IV.

He was growing more and more in love with this self-contained, charming, young New Englander. It had come to a time when he felt that he must speak. They had been at No. 41 now these four weeks, aunt and niece, and yet they had managed to preserve their distance. He was no nearer than the day they arrived.

He reflected that the pleasant little daily comedy which had amused him so entirely would have to be given up the instant he made known to her his state of feeling. But at the same time he felt he could act out the equivocation no longer. He must, as a gentleman, make a clean breast of his deception. Archibald had seen a great deal of women, and he believed that he understood them pretty well. He believed he understood Miss Price well enough to reckon upon the flattery of her sudden fascination that first day, for him, as the cause of his deceit. He planned to boldly tell her this, one day, while they were waiting for Miss Perkins to revolve around the “Belt Line.” But Elvira turned the conversation against his will. She seemed to have remarkable intuitions, this strange creature! Perhaps she had an intuition then. At any rate, she announced their determination to return to East Village the following Saturday.

“Father writes that his ague is no better—that I must come home,” she said. “There are, besides, the preserves——”

Archibald expressed no surprise. “If you go,” he said, “I think I’ll take a run up there also. I have the greatest curiosity about East Village.”

“There is nothing—it is dreadfully—I wouldn’t have you visit East Village for all the world!”

“Why?”

“Because—” she replied, sedately.

Recognizing this as a sufficient reply, Archibald took a seat on the sofa near her. She was in one of her pretty, soft, white muslins, tied, this evening, with ribbons of the very latest shade of fashionable apple-green. He had noticed the steady growth of fashion in the girl’s appearance, but he was not quite prepared for the dozen silver bangles, which jingled as she raised her hand to her hair. She had a pretty arm and hand, and were it not for the bangles, which somehow altered the current of his thought, he had nerved himself up to the point of taking, or trying to take, her hand in his, and telling her in a manly way his story. The bangles, however, don’t you know, diverted him. He could not be serious. He laughed. It was as if he had happened upon a wood nymph in seven-button kid gloves! She misinterpreted his laughter, believing that he intended to ridicule the pastoral delights of East Village.

“I’m not ashamed of Vermont,” she said, drawing away a little. “I can’t bear to have it laughed at. You would laugh at East Village, Mr. Archibald—you laugh at everything. You are not sincere. You have too much of the city in you—too much of its glitter and—” She caught his eyes directed laughingly upon her bangles, and blushed guiltily.

“Time works its changes, don’t you know,” he said. “Even you, Miss Elvira, are a little affected.”

“I hate myself for it,” she said; “I do find myself growing to like things I never cared for before. I think of what I have on from morning to night,” she confessed, guiltily, with an imploring glance at her landlord.

“Can the dead dulness of midsummer in the city have wrought so wondrous a change?” he laughed. “How very gay, really, you will be next winter.”

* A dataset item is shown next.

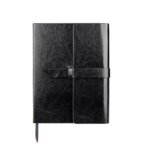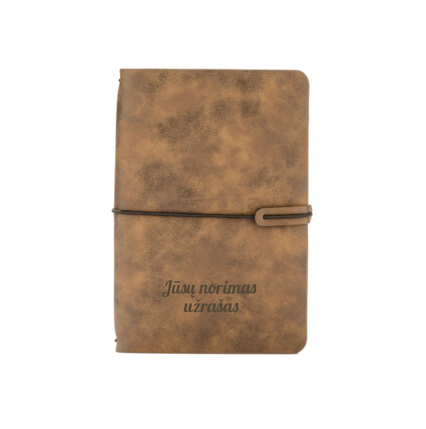 A5 formato užrašų knygutė su viršeliu iš PVC odos ir graviruotu norimu užrašu.
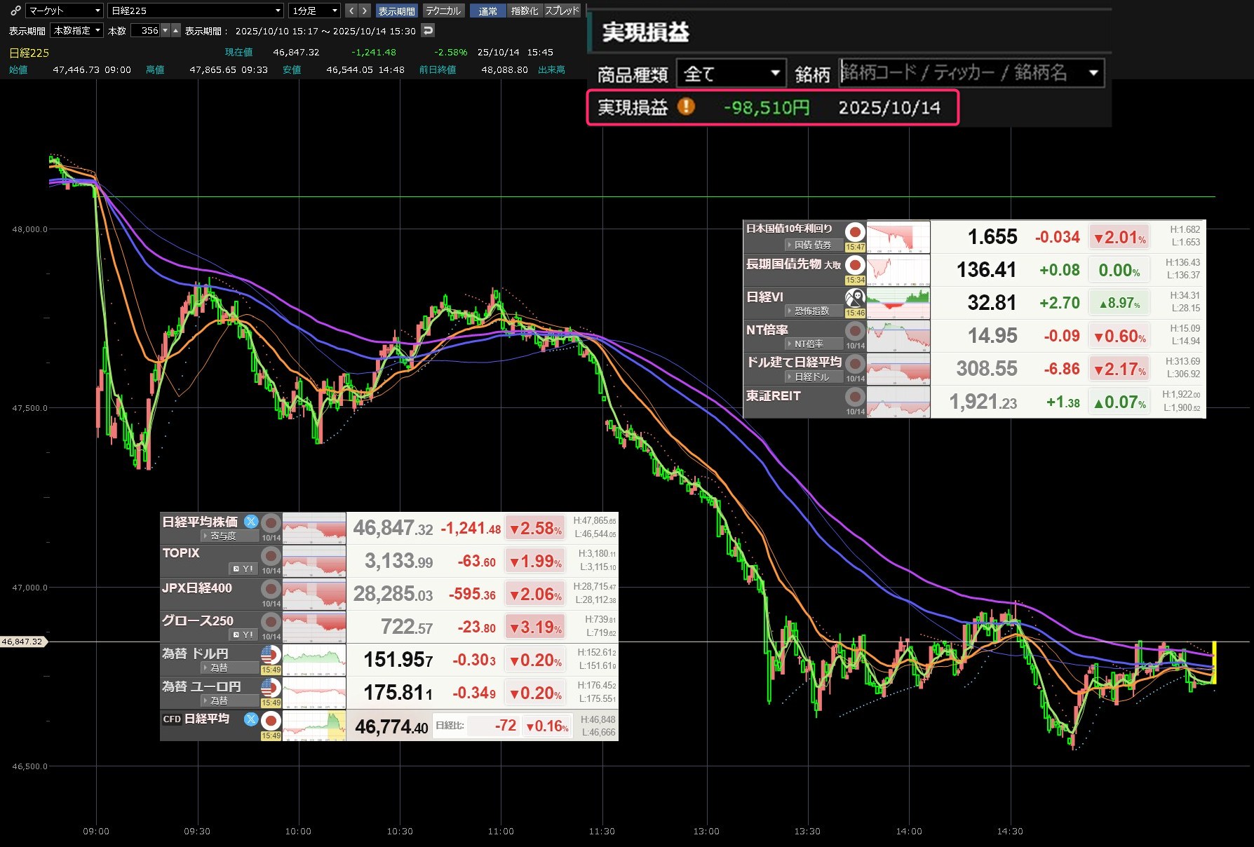本日のデイトレ結果と日経平均の1分足は以下のとおりです。

“Seriously,” said Elvira, “I look forward to a visit to East Village as a complete change and rest. When I think of the white, dead walls of our meetinghouse, I am glad; when I think of the lack of color in everybody up there, it makes me glad; when I think of the plainness of everything, the simpleness, the truth of everything, I’m glad to go back. But don’t you—don’t come up to Vermont, Mr. Archibald. Really, please, don’t.”

Again Archibald felt impelled to seize her white, pretty hand, and tell his story. He had never come to so intimate a point before. What chance had he ever to come so near again? All that his mother and sisters could write would have no effect upon him now. All that his friends at the club would say, all that his Aunt Newbold would say—his Aunt Newbold was the formidable dragon of his family—nothing, he felt sure, would alter his mind. He had deliberated a month, he would deliberate no more. Besides, she was going away; perhaps if he did not speak his opportunity would never again occur. He paled a little as he was about to open his lips.

Bother!

The chalk-faced maid entered with a card on a silver tray.